We identified 11,809 putative genes encoding 13,197 transcripts. Considering genes that do not span a gap, the average gene size is 4.7 kb, typically with large introns (average is 1692 bp) and much smaller exons (average is 217 bp). Moreover, the introns display a strikingly skewed size distribution that has not been observed in other eukaryotes, whereby 5′ introns are smaller than 3′ introns (Fig. 2, Supplementary Information, Supplementary Table 5). In multi-exon genes the first few introns can be as small as 26 bp, whereas introns towards the 3′ end are typically kilobases in length (largest is 33.8 kb).

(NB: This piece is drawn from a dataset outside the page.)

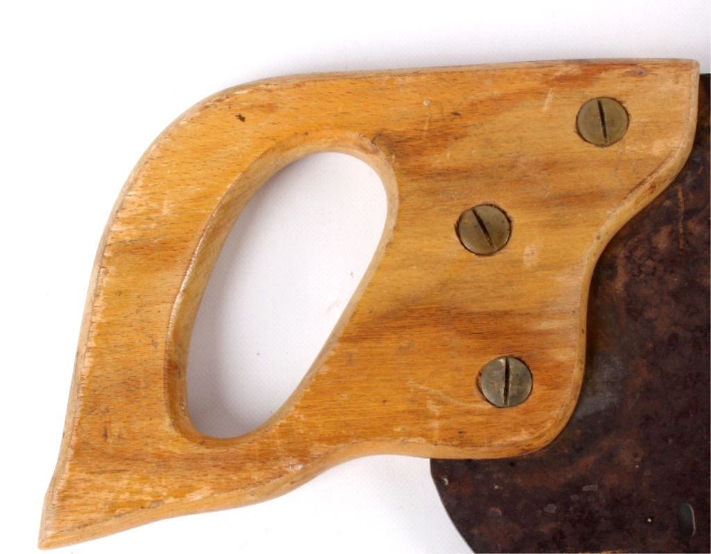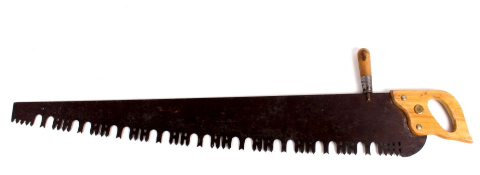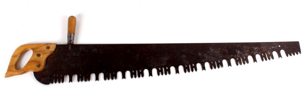 This is a Disston logging saw in great condition and includes all teeth. The saw includes a buddy handle that can be swapped to either end of the blade. Measures 46.5"x11.5".

The reason for this is unclear but suggests unusual transcriptional control. However, a survey of conserved transcription factor domains reveals S. mansoni to be broadly similar to other eukaryotes (Supplementary Information, Supplementary Fig. 2 and Supplementary Table 6). It is noteworthy that 43% of transcription factor families with schistosome representatives also contained vertebrate sequences, nearly twice the number that matched nematode worms, emphasising their evolutionary distance.

Figure 2
Intron size distribution

Micro-exon genes (MEGs)

At least 45 genes have an unusual micro-exon structure. Individual micro-exons have been described in other genomes, dispersed among numbers of normal exons8. However, S. mansoni is remarkable in containing micro-exon genes (MEGs) where micro-exons comprise 75% of the coding sequence, are flanked at the 5′ and 3′ extremes by conventional exons and have lengths that are multiples of three bases (from 6 to 36).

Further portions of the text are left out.